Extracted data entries

◆ ◆ ◆ ◆

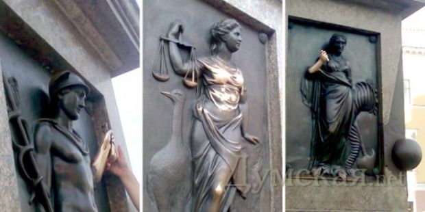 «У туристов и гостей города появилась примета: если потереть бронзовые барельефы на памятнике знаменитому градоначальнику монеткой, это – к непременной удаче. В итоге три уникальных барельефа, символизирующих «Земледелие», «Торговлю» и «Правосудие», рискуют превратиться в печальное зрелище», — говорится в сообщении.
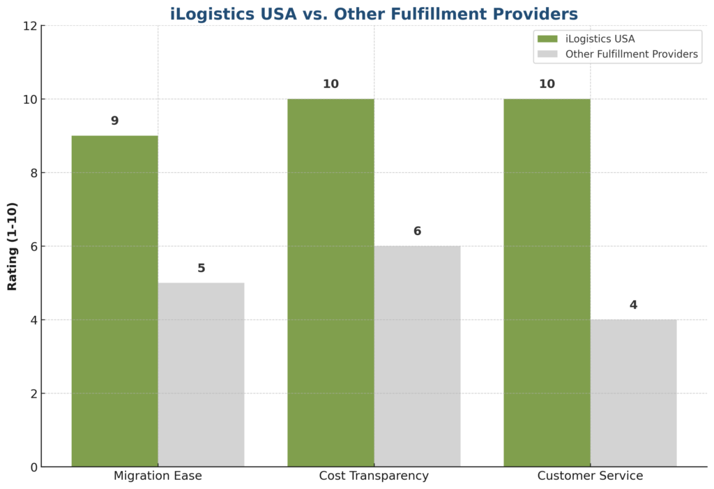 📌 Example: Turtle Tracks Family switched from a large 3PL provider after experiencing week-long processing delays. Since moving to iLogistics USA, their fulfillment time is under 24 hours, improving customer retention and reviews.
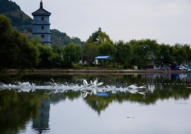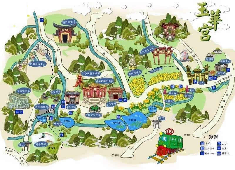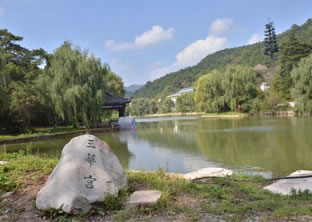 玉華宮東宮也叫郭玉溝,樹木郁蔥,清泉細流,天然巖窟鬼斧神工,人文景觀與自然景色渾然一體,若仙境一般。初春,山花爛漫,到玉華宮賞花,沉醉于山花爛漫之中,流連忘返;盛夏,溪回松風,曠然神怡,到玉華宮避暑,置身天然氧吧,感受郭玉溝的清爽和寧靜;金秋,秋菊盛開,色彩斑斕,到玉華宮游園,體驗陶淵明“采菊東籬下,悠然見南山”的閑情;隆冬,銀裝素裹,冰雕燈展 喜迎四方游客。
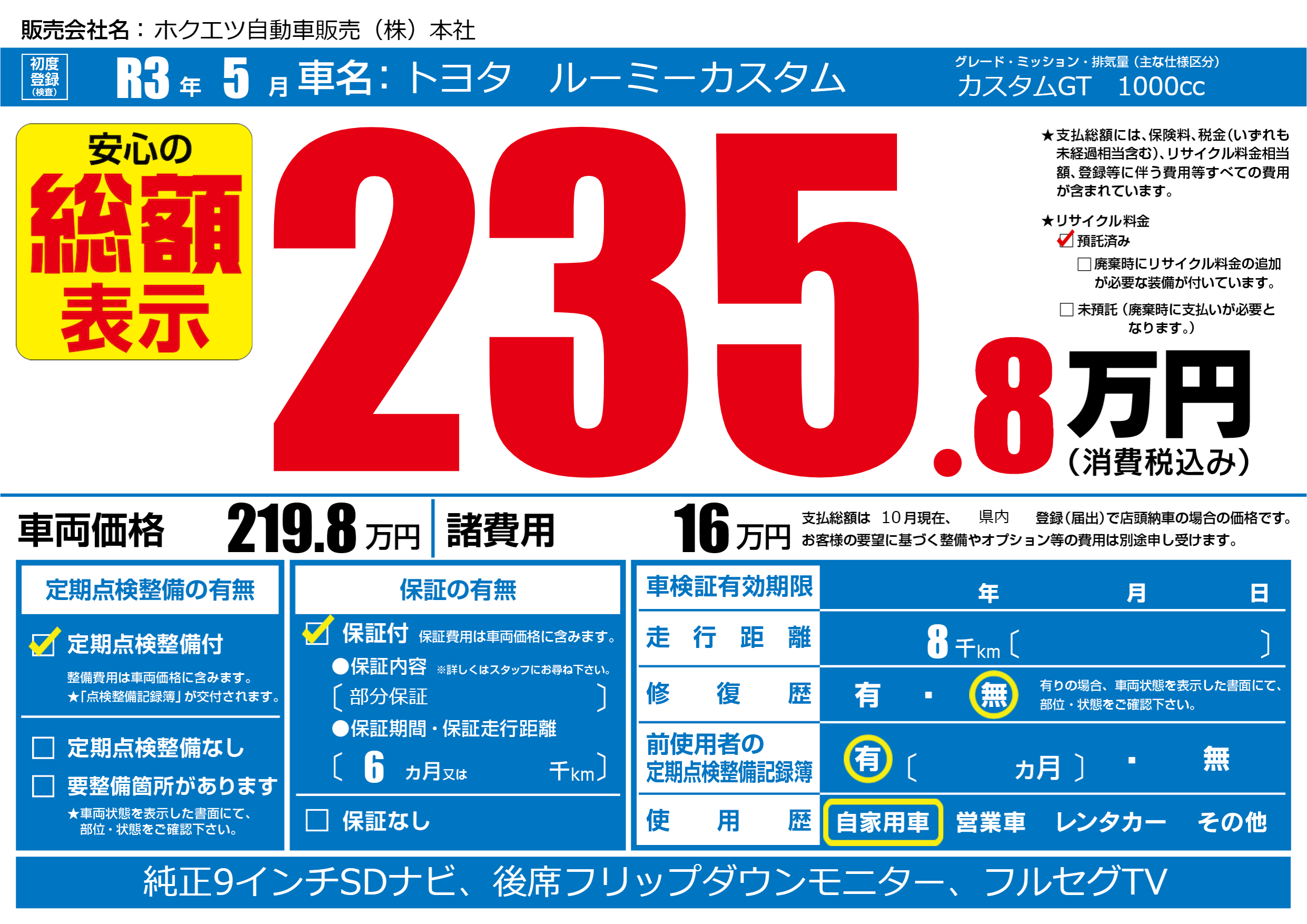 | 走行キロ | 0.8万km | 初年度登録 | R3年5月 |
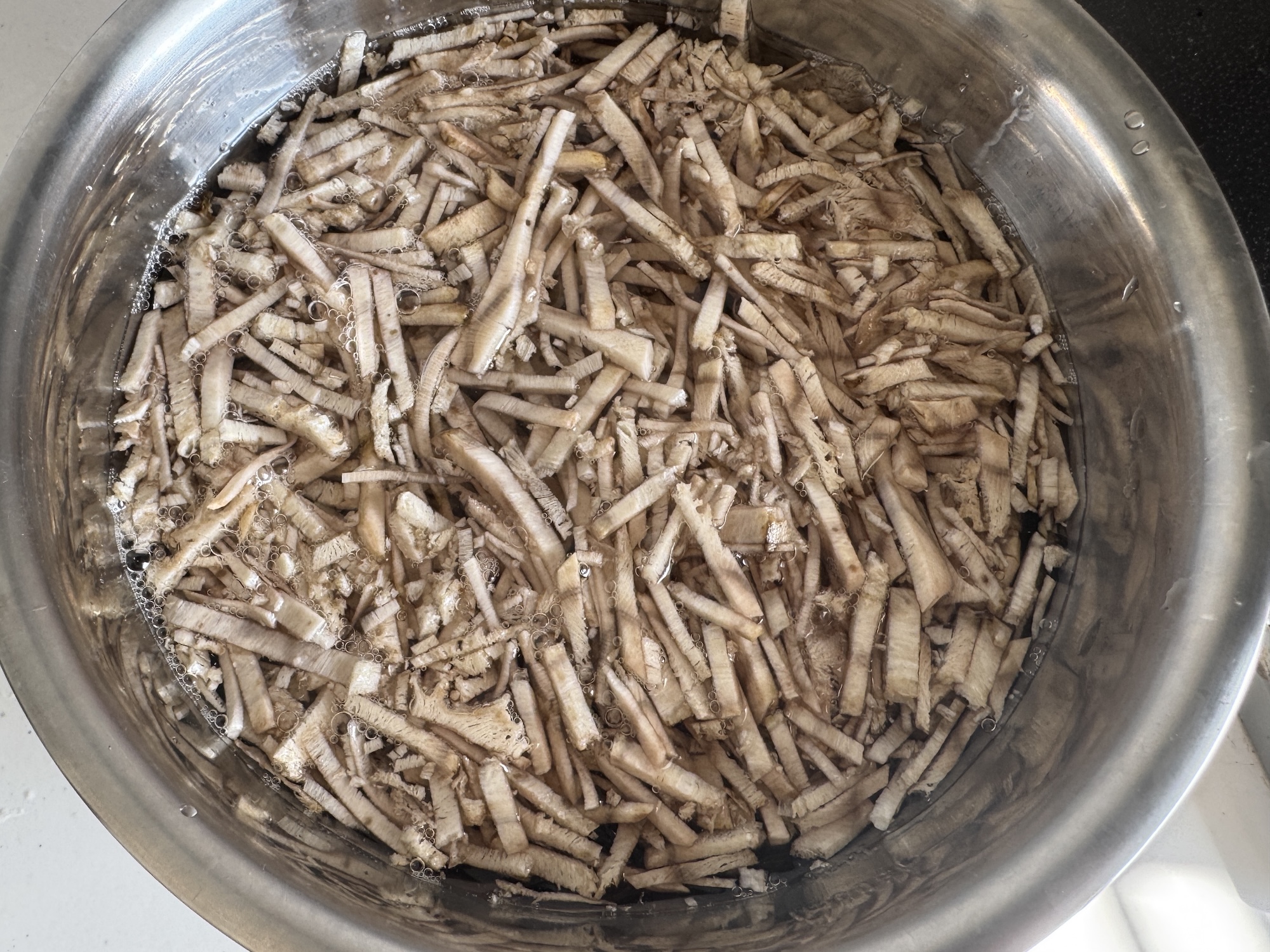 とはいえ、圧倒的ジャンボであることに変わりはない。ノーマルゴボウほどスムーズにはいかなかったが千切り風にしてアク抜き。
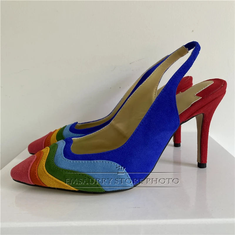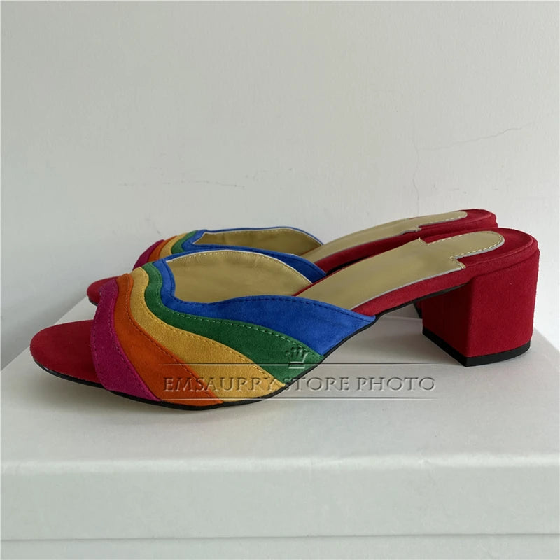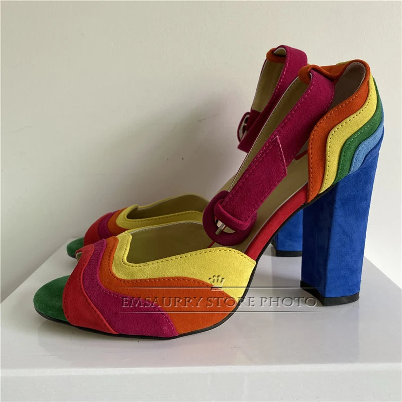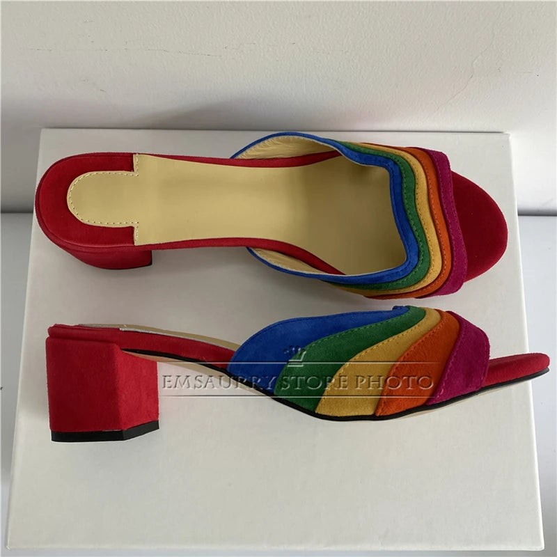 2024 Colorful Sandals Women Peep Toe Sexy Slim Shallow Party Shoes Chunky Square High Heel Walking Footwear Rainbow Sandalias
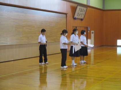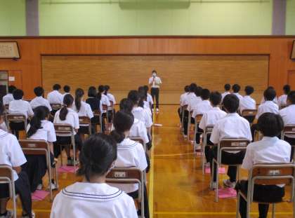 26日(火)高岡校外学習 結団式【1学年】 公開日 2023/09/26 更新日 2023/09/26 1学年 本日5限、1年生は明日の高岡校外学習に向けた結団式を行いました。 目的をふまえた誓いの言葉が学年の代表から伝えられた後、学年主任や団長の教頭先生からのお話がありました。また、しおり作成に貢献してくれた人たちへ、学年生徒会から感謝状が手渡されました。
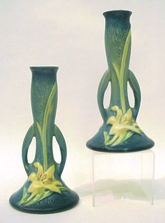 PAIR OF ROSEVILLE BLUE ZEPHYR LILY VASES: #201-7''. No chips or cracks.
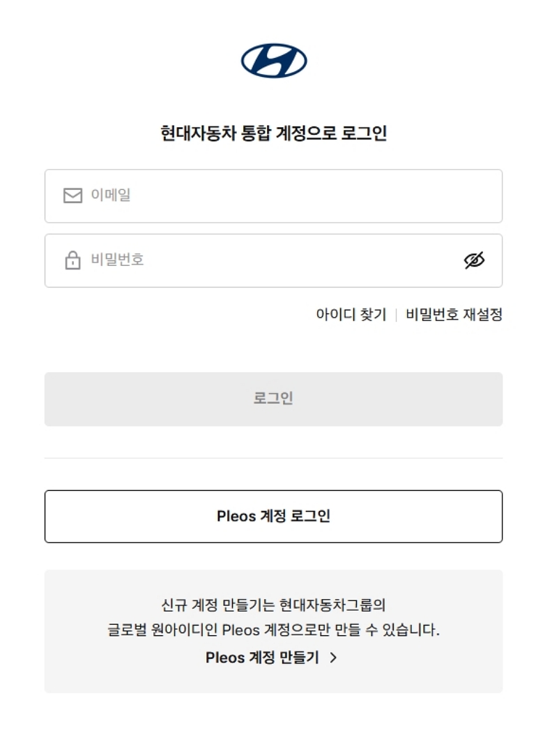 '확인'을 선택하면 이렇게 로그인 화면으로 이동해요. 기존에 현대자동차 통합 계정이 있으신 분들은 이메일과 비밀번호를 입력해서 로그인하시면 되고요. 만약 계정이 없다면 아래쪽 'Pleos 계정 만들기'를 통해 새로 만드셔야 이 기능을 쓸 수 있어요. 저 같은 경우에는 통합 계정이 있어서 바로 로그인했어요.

◆ ◆ ◆ ◆

Problem requirements: Pictures are to be dropped; the lines from the start of the entries above through the line with "retention and reviews." are to be given again verbatim.

Problem solution:
 «У туристов и гостей города появилась примета: если потереть бронзовые барельефы на памятнике знаменитому градоначальнику монеткой, это – к непременной удаче. В итоге три уникальных барельефа, символизирующих «Земледелие», «Торговлю» и «Правосудие», рискуют превратиться в печальное зрелище», — говорится в сообщении.
 📌 Example: Turtle Tracks Family switched from a large 3PL provider after experiencing week-long processing delays. Since moving to iLogistics USA, their fulfillment time is under 24 hours, improving customer retention and reviews.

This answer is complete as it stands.